1995-2100 projections of 12 greenhouse gas and pollutant emissions at 5-year intervals on a 1-degree latitude-longitude grid. The dataset contains three internally consistent scenarios (low, reference, high) generated by the MIT Emissions Prediction and Policy Analysis (EPPA) model using a Monte Carlo analysis of 10,000 runs. Scenarios were selected based on the 2.5, 50, and 97.5 percentile values for CO2 emissions in 2100.
Use Cases
- Compare low, reference, and high scenario trajectories for CO2, CH4, and N2O emissions across the 1-degree grid to assess climate policy risks.
- Analyze spatial correlations between CO2 emissions and co-emitted substances like SOx, NOx, and NMVOC under conditioned probability scenarios.
- Use the 1995-2100 time-series of HFC, PFC, and SF6 emissions to project long-term impacts on atmospheric radiative forcing.
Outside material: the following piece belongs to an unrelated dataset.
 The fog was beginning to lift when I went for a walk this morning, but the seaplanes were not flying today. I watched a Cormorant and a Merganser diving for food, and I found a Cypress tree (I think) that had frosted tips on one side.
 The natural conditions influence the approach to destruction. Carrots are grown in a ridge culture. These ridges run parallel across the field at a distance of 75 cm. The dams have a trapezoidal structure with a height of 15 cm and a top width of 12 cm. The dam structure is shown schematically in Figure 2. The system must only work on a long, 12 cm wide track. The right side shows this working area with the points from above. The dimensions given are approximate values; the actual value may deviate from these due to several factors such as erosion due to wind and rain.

- Validate other downscaled emission datasets using the MIT EPPA model's population-weighted regional aggregation methodology.
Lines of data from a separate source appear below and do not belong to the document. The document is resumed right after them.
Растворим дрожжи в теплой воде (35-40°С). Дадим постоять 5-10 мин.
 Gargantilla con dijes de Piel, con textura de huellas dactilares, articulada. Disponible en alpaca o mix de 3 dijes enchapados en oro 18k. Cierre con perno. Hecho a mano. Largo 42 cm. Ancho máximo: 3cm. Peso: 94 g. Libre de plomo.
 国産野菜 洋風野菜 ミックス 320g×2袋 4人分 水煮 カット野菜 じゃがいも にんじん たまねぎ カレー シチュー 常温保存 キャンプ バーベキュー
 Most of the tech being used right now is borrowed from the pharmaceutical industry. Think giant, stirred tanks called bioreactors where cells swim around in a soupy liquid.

- Study the impact of land use change and agriculture on carbonaceous particulate emissions, excluding natural sinks and forest regrowth.
Strengths
- Provides three probability-weighted scenarios (2.5, 50, 97.5 percentile) for 12 distinct substances, enabling uncertainty analysis.
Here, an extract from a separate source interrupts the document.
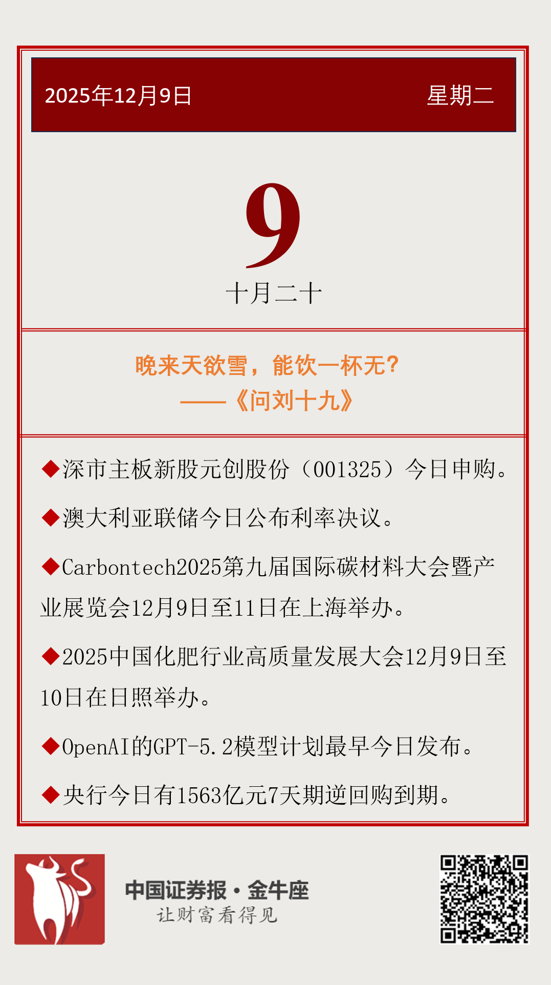 【投资日历】周二(12月9日)资本市场大事

- Spatially explicit data on a global 1-degree by 1-degree grid from 1995 to 2100 at consistent 5-year intervals.
- Scenarios are internally consistent, derived from 10,000 Monte Carlo runs of the MIT EPPA model.
Limitations
- Excludes emissions from natural sources and sinks, as well as carbon uptake from forest regrowth, limiting completeness for full carbon cycle analysis.
- Uncertainty in emissions is included for the base year 1995, which may propagate and affect long-term projection accuracy.
- The dataset's future projection end date (2100) implies it is not suitable for analyzing observed historical trends beyond its model base year.
Provenance
- Source
- Massachusetts Institute of Technology (MIT) Joint Program on the Science and Policy of Global Change, via NASA Earthdata.
- Collection Method
- Generated using the MIT Emissions Prediction and Policy Analysis (EPPA) model and the deterministic equivalent modeling method (DEMM), downscaled from aggregated regions using population weights.
- Time Range
- 1995 to 2100
- Freshness
- null
- Geography
- Global, on a 1-degree by 1-degree latitude-longitude grid.